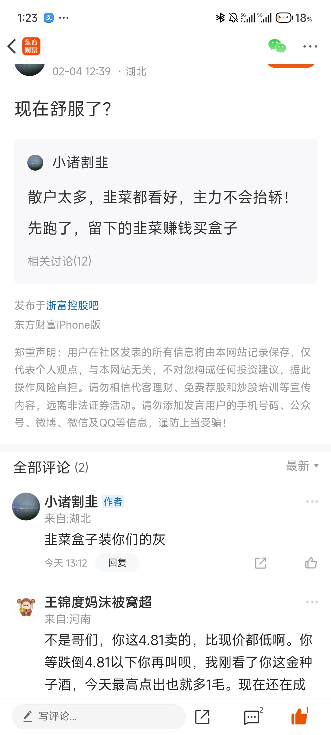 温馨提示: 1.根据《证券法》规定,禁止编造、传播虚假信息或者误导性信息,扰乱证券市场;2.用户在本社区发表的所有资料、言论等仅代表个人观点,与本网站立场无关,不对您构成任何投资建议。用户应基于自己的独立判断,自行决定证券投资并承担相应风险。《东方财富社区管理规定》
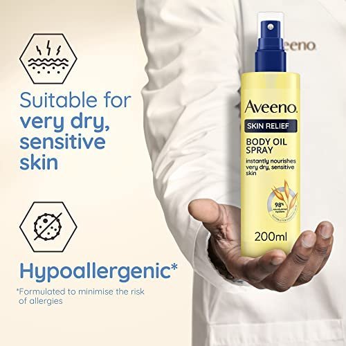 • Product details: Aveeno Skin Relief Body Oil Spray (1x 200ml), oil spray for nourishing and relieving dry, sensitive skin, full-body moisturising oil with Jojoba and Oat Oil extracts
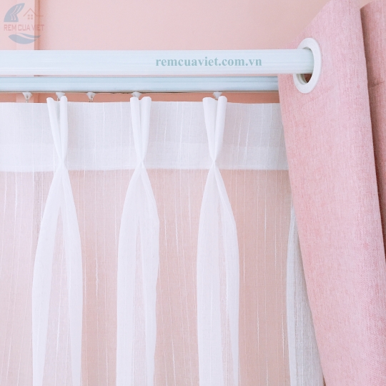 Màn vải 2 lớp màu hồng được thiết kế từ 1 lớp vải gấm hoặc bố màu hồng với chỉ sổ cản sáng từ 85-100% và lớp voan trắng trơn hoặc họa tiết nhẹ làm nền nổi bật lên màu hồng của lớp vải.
------
TASK TO COMPLETE:
Exclude images. Return the data above verbatim.

ANSWER SPACE:
 温馨提示: 1.根据《证券法》规定,禁止编造、传播虚假信息或者误导性信息,扰乱证券市场;2.用户在本社区发表的所有资料、言论等仅代表个人观点,与本网站立场无关,不对您构成任何投资建议。用户应基于自己的独立判断,自行决定证券投资并承担相应风险。《东方财富社区管理规定》
 • Product details: Aveeno Skin Relief Body Oil Spray (1x 200ml), oil spray for nourishing and relieving dry, sensitive skin, full-body moisturising oil with Jojoba and Oat Oil extracts
 Màn vải 2 lớp màu hồng được thiết kế từ 1 lớp vải gấm hoặc bố màu hồng với chỉ sổ cản sáng từ 85-100% và lớp voan trắng trơn hoặc họa tiết nhẹ làm nền nổi bật lên màu hồng của lớp vải.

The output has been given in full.